YOUR INSTRUCTIONS => What are the lines, word for word, from the line with "日照 | 積雪 | 降雪 |" up to and including the line with "盾立如山,棍出如电。警棍盾牌" in the records below? Omit the pictures.

EXERCISE DATA =>
═══

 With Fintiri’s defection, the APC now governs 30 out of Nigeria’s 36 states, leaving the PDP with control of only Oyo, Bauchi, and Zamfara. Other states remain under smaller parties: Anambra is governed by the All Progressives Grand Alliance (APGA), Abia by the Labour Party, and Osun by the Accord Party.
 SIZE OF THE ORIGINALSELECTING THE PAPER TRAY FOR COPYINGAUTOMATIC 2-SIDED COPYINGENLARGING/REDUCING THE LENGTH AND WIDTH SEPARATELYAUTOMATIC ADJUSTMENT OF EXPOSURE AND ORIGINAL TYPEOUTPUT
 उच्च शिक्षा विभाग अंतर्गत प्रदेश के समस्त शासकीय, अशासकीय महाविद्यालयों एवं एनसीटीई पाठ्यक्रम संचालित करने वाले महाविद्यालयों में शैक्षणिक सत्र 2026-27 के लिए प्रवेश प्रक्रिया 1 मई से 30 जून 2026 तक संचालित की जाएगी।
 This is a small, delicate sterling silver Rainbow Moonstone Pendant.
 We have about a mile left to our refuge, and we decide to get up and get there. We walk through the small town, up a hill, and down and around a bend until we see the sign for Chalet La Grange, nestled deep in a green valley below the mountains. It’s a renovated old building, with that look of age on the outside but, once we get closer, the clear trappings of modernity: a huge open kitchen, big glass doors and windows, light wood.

═══

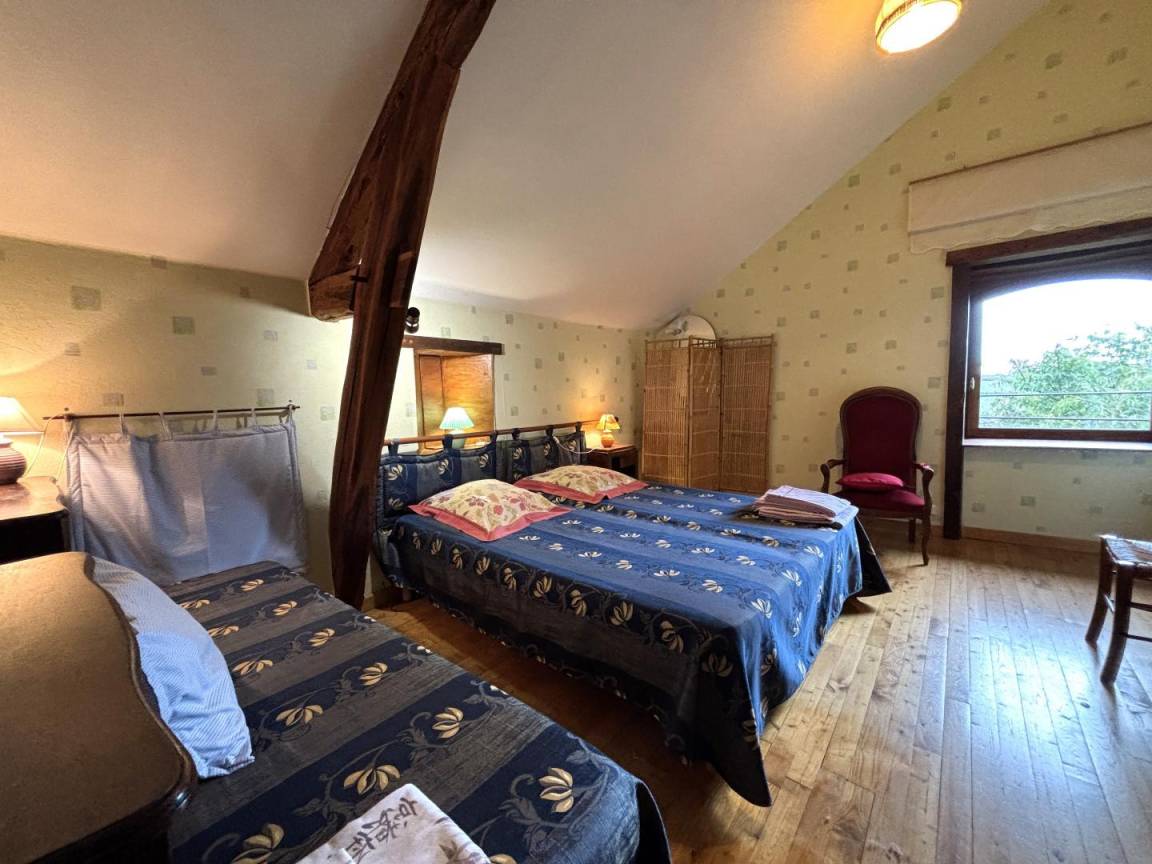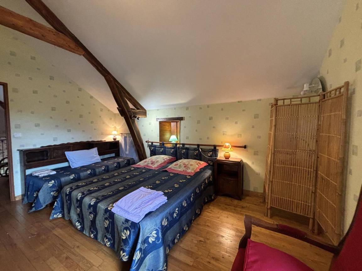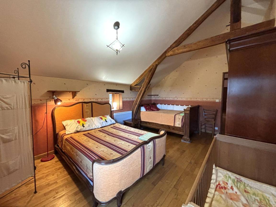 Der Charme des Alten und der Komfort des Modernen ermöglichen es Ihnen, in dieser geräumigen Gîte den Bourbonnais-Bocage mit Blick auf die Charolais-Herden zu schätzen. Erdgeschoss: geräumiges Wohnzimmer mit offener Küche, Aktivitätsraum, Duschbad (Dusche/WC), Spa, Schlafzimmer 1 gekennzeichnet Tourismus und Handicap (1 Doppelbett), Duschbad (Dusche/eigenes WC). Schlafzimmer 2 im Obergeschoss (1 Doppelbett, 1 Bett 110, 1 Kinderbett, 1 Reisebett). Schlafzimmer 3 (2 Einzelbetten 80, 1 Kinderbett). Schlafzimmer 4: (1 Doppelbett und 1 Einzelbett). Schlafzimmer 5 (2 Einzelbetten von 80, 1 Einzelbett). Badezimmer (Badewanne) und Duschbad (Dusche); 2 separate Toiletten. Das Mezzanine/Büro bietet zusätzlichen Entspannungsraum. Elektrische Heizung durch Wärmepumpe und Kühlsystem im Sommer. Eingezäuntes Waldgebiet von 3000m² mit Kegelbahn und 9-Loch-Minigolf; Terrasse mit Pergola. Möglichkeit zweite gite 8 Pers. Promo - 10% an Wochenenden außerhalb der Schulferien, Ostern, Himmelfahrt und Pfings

═══

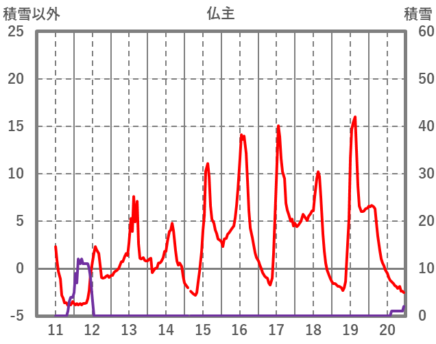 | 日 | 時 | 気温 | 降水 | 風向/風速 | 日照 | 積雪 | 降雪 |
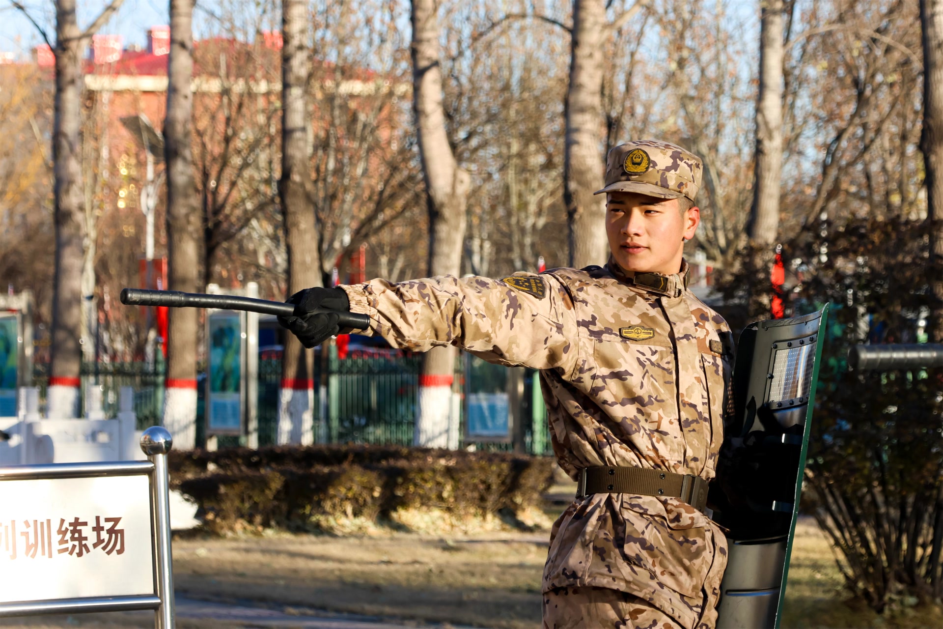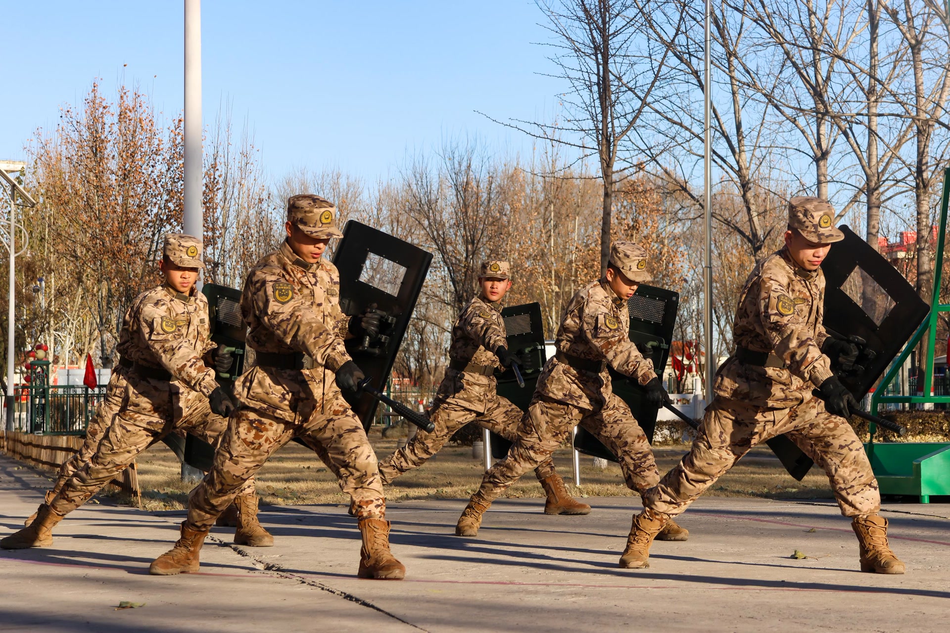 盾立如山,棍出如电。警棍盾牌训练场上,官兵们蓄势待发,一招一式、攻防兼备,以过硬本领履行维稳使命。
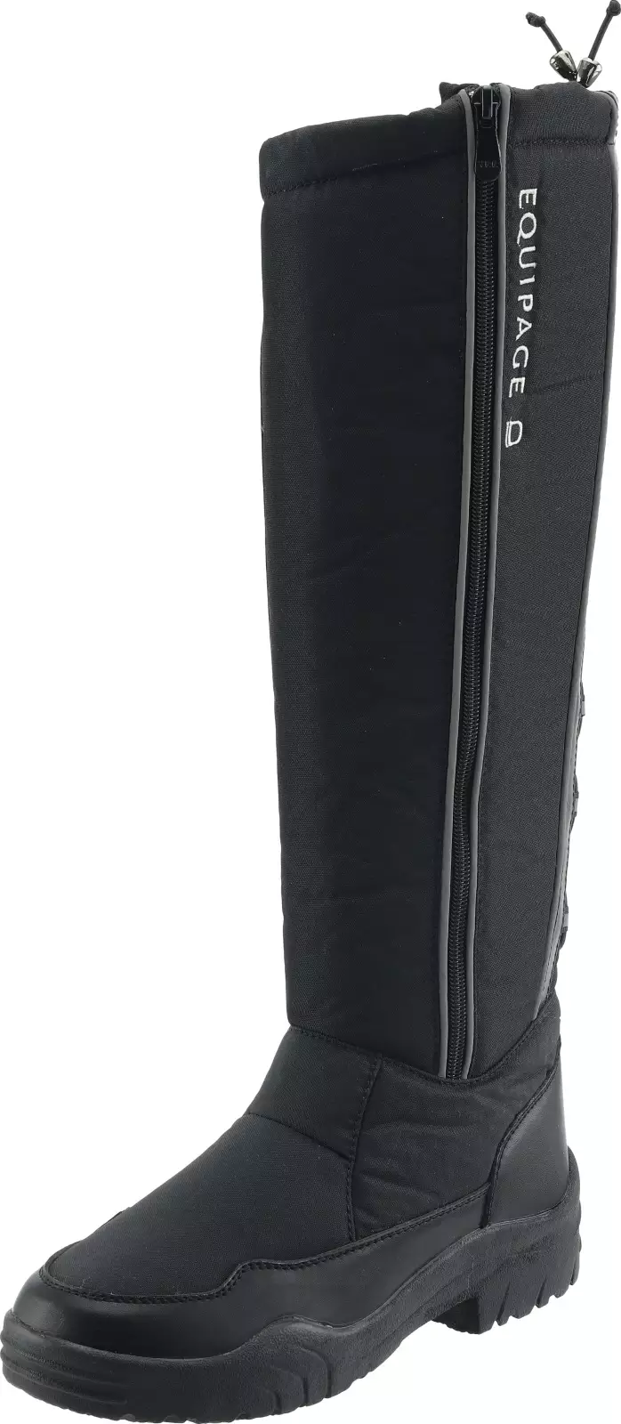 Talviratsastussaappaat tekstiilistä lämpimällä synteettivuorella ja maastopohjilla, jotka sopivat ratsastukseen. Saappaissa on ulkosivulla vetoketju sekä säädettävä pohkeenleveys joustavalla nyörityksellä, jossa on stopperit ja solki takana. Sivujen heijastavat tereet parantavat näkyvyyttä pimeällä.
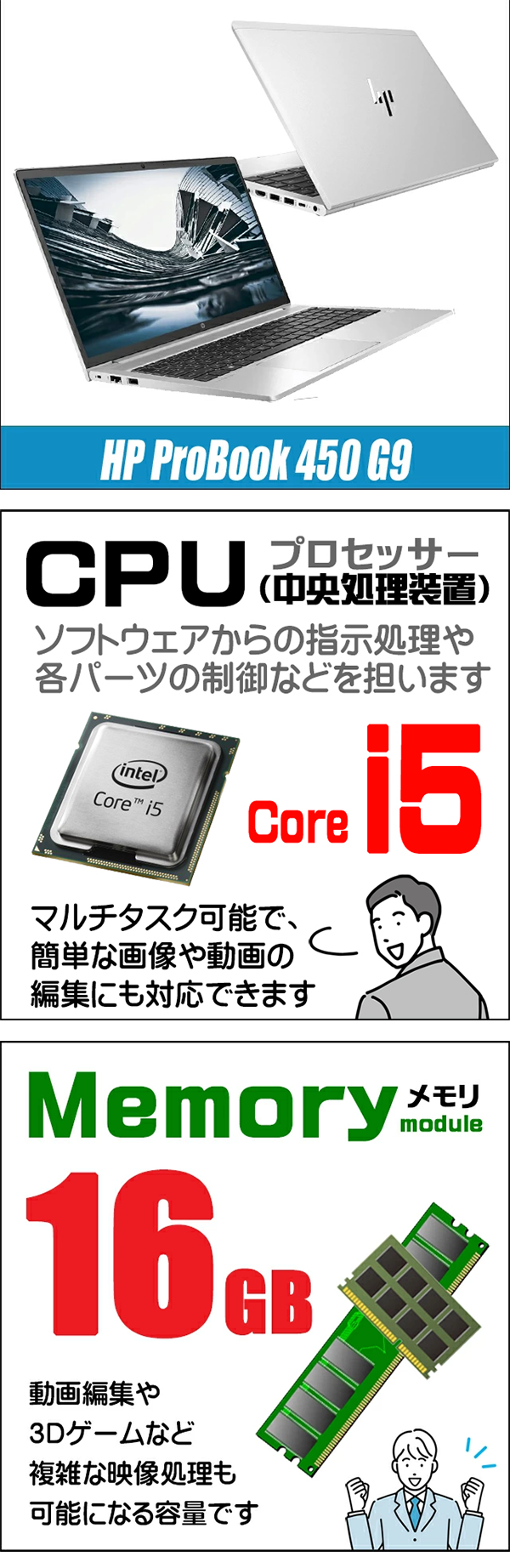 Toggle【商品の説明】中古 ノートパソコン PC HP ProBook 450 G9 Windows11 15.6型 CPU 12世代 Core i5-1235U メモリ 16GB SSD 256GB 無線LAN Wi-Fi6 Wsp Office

═══

RESULT FOR THIS EXERCISE =>
 | 日 | 時 | 気温 | 降水 | 風向/風速 | 日照 | 積雪 | 降雪 |
 盾立如山,棍出如电。警棍盾牌训练场上,官兵们蓄势待发,一招一式、攻防兼备,以过硬本领履行维稳使命。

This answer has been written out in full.